ECLI:NL:GHSHE:2021:2988
Gerechtshof 's-Hertogenbosch
- Hoger beroep
- Rechtspraak.nl
Wijziging van partneralimentatie en transitievergoeding in hoger beroep
In deze zaak heeft het Gerechtshof 's-Hertogenbosch op 30 september 2021 uitspraak gedaan in hoger beroep over de wijziging van partneralimentatie en de transitievergoeding. De man, verzoeker in hoger beroep, had in eerste aanleg verzocht om de partneralimentatie met ingang van 1 januari 2020 te verlagen en met ingang van zijn AOW-leeftijd definitief te beëindigen. De rechtbank Zeeland-West-Brabant had dit verzoek afgewezen. De man stelde dat er sprake was van een wijziging van omstandigheden, omdat de vrouw in staat zou zijn om in haar eigen levensonderhoud te voorzien. De vrouw, verweerster in hoger beroep, betwistte dit en voerde aan dat zij door gezondheidsproblemen niet in staat was om werk te vinden.

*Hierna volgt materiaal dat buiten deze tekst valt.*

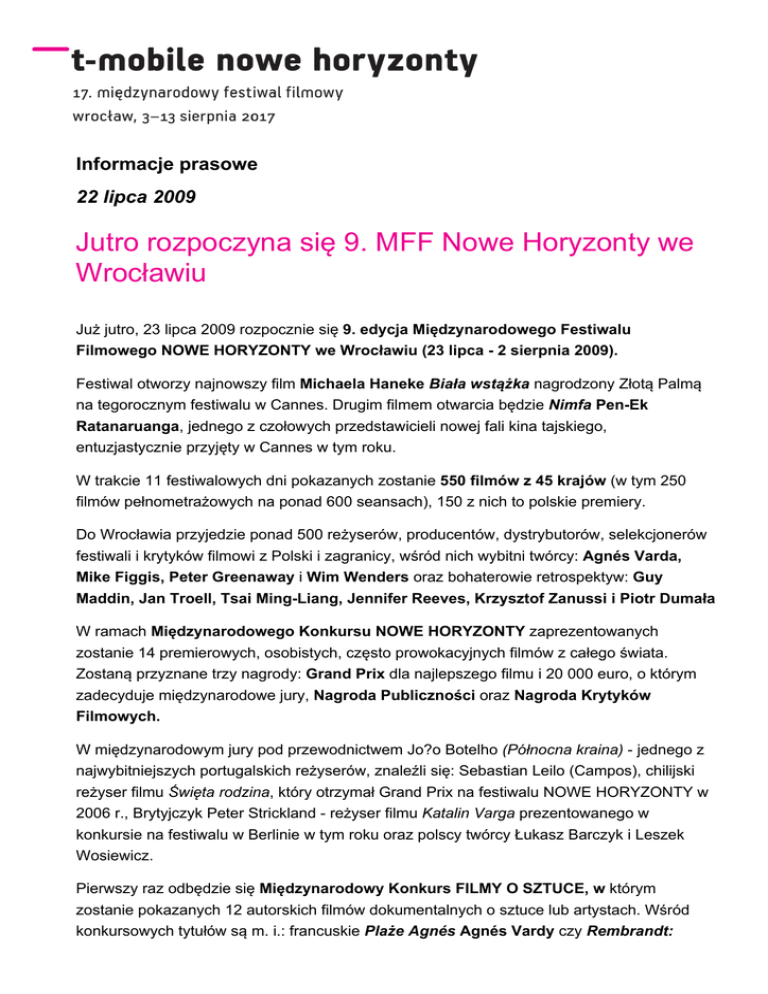 Informacje prasowe 22 lipca 2009 Jutro rozpoczyna się 9. MFF Nowe Horyzonty we Wrocławiu Już jutro, 23 lipca 2009 rozpocznie się 9. edycja Międzynarodowego Festiwalu Filmowego NOWE HORYZONTY we Wrocławiu (23 lipca - 2 sierpnia 2009). Festiwal otworzy najnowszy film Michaela Haneke Biała wstążka nagrodzony Złotą Palmą na tegorocznym festiwalu w Cannes. Drugim filmem otwarcia będzie Nimfa Pen-Ek Ratanaruanga, jednego z czołowych przedstawicieli nowej fali kina tajskiego, entuzjastycznie przyjęty w Cannes w tym roku. W trakcie 11 festiwalowych dni pokazanych zostanie 550 filmów z 45 krajów (w tym 250 filmów pełnometrażowych na ponad 600 seansach), 150 z nich to polskie premiery. Do Wrocławia przyjedzie ponad 500 reżyserów, producentów, dystrybutorów, selekcjonerów festiwali i krytyków filmowi z Polski i zagranicy, wśród nich wybitni twórcy: Agnés Varda, Mike Figgis, Peter Greenaway i Wim Wenders oraz bohaterowie retrospektyw: Guy Maddin, Jan Troell, Tsai Ming-Liang, Jennifer Reeves, Krzysztof Zanussi i Piotr Dumała W ramach Międzynarodowego Konkursu NOWE HORYZONTY zaprezentowanych zostanie 14 premierowych, osobistych, często prowokacyjnych filmów z całego świata. Zostaną przyznane trzy nagrody: Grand Prix dla najlepszego filmu i 20 000 euro, o którym zadecyduje międzynarodowe jury, Nagroda Publiczności oraz Nagroda Krytyków Filmowych. W międzynarodowym jury pod przewodnictwem Jo?o Botelho (Północna kraina) - jednego z najwybitniejszych portugalskich reżyserów, znaleźli się: Sebastian Leilo (Campos), chilijski reżyser filmu Święta rodzina, który otrzymał Grand Prix na festiwalu NOWE HORYZONTY w 2006 r., Brytyjczyk Peter Strickland - reżyser filmu Katalin Varga prezentowanego w konkursie na festiwalu w Berlinie w tym roku oraz polscy twórcy Łukasz Barczyk i Leszek Wosiewicz. Pierwszy raz odbędzie się Międzynarodowy Konkurs FILMY O SZTUCE, w którym zostanie pokazanych 12 autorskich filmów dokumentalnych o sztuce lub artystach. Wśród konkursowych tytułów są m. i.: francuskie Plaże Agnés Agnés Vardy czy Rembrandt: oskarżam…! Petera Greenawaya. Międzynarodowe jury przyzna nagrodę w wysokości 10 000 euro. W jury zasiadają: Katarzyna Kozyra - artystka i reżyserka, Jay Weissberg - krytyk filmowy (Variety), Marie Losier - francuska eksperymentatorka oraz Tibor Szemzö - węgierski artysta i reżyser. W Konkursie NOWE FILMY POLSKIE znalazło się 13 powstałych w ostatnim roku filmów fabularnych. Na festiwalu światowe premiery będą miały: Handlarz cudów Bolesława Pawicy i Jarosława Szody, Hel Kingi Dębskiej oraz Las Piotra Dumały. Międzynarodowe jury przyzna Wrocławską Nagrodę Filmową ufundowaną przez Prezydenta Wrocławia, Pana Rafała Dutkiewicza w wysokości 100 tysięcy złotych (60 tysięcy dla reżysera i 40 tysięcy dla producenta) oraz nagrodę za debiut reżyserski w wysokości 40 tysięcy złotych, którą ufundował Marszałek Województwa Dolnośląskiego, Pan Marek Łapiński. W jury pod przewodnictwem węgierskiej reżyserki Marthy Mészáros znaleźli się: brytyjski reżyser Paweł Pawlikowski (Lato miłości); Michael Brooke - brytyjski krytyk filmowy współpracujący z magazynem Sight & Sound; niemiecka reżyserka Emily Atef (Droga Molly) oraz Miroljub Vuckovic - dyrektor festiwalu w Belgradzie. Wszystkie nagrodzone w konkursach filmy mają zagwarantowaną dystrybucję w Polsce. Na festiwalu światową premierę będzie miał film Krzysztofa Zanussiego Rewizyta, w którym ostatnią rolę zagrał Zbigniew Zapasiewicz. Podczas festiwalu zaprezentowane zostaną także przeglądy współczesnego kina szwedzkiego i kanadyjskiego oraz klasyczne filmy węgierskie z przełomu lat 60. i 70. W klubie festiwalowym wystąpią zespoły reprezentujące alternatywną sceny muzyczną ze Szwecji, Kanady i Węgier. Więcej informacji: www.nowehoryzonty.pl Materiały prasowe: ftp://nowehoryzonty.pl (login i hasło: press) PR festiwalu: Agnieszka Wolak, [email protected], +48 0 600 534 978 Mecenasem głównym festiwalu już po raz czwarty jest miasto Wrocław. Po raz siódmy sponsorem głównym festiwalu jest Polska Telefonia Cyfrowa, operator sieci ERA. Oficjalnym samochodem festiwalowym jest Volkswagen.

Het hof heeft de feiten vastgesteld, waaronder de ontbinding van het huwelijk op 15 november 2018 en de eerdere afspraken over de partneralimentatie. Het hof oordeelde dat de man niet voldoende had aangetoond dat de vrouw in staat was om in haar eigen levensonderhoud te voorzien. De vrouw had zich weliswaar ingespannen om werk te vinden, maar had door haar leeftijd en gezondheidsproblemen moeite om een passende baan te vinden. Het hof concludeerde dat er met ingang van 1 oktober 2020 wel sprake was van een wijziging van omstandigheden door de beëindiging van de arbeidsovereenkomst van de man, maar dat dit niet leidde tot een wijziging van de partneralimentatie.

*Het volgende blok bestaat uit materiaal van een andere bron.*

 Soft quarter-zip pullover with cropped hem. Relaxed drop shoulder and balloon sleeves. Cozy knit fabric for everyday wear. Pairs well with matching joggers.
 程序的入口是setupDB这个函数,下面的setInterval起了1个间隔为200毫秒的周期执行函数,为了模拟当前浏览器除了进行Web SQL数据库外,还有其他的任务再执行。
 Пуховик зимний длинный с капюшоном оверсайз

Uiteindelijk heeft het hof de beschikking van de rechtbank bekrachtigd, waarbij de man verplicht bleef om de overeengekomen partneralimentatie te betalen. De beslissing benadrukt de verantwoordelijkheden van beide partijen om zich in te spannen voor hun eigen levensonderhoud en de noodzaak om wijzigingen in de financiële situatie tijdig te communiceren.